> _Description of the task_:
With the images removed, write out every line below exactly.

-- Supplied data follows --

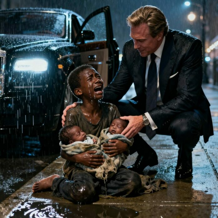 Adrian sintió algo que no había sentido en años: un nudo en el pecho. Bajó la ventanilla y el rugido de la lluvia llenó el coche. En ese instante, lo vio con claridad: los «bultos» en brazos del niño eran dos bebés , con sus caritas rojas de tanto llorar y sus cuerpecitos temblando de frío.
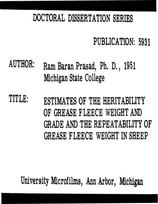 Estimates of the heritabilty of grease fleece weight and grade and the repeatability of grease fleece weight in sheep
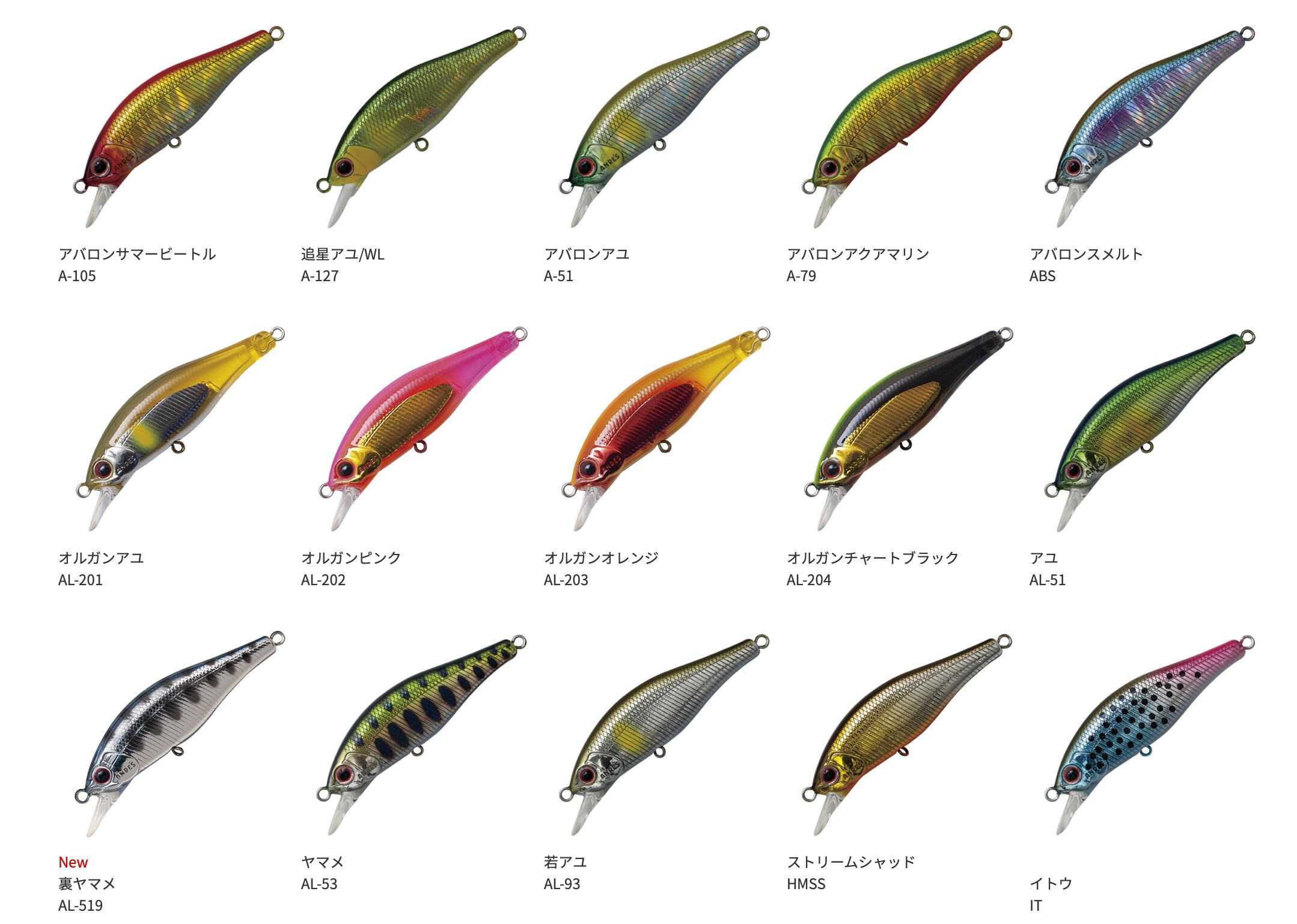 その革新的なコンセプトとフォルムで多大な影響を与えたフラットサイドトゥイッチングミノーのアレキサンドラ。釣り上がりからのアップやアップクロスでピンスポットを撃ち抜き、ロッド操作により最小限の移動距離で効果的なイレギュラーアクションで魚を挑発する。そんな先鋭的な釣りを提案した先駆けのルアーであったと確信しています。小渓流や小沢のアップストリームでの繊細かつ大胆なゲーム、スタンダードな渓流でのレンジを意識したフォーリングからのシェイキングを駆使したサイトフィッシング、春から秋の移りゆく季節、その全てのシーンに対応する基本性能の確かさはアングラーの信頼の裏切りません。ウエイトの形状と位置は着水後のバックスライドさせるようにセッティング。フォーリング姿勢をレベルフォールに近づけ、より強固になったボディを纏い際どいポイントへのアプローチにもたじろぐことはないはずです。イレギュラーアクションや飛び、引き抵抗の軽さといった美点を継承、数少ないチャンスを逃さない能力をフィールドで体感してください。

-- Supplied data concluded --

> _Finished exercise_:
 Adrian sintió algo que no había sentido en años: un nudo en el pecho. Bajó la ventanilla y el rugido de la lluvia llenó el coche. En ese instante, lo vio con claridad: los «bultos» en brazos del niño eran dos bebés , con sus caritas rojas de tanto llorar y sus cuerpecitos temblando de frío.
 Estimates of the heritabilty of grease fleece weight and grade and the repeatability of grease fleece weight in sheep
 その革新的なコンセプトとフォルムで多大な影響を与えたフラットサイドトゥイッチングミノーのアレキサンドラ。釣り上がりからのアップやアップクロスでピンスポットを撃ち抜き、ロッド操作により最小限の移動距離で効果的なイレギュラーアクションで魚を挑発する。そんな先鋭的な釣りを提案した先駆けのルアーであったと確信しています。小渓流や小沢のアップストリームでの繊細かつ大胆なゲーム、スタンダードな渓流でのレンジを意識したフォーリングからのシェイキングを駆使したサイトフィッシング、春から秋の移りゆく季節、その全てのシーンに対応する基本性能の確かさはアングラーの信頼の裏切りません。ウエイトの形状と位置は着水後のバックスライドさせるようにセッティング。フォーリング姿勢をレベルフォールに近づけ、より強固になったボディを纏い際どいポイントへのアプローチにもたじろぐことはないはずです。イレギュラーアクションや飛び、引き抵抗の軽さといった美点を継承、数少ないチャンスを逃さない能力をフィールドで体感してください。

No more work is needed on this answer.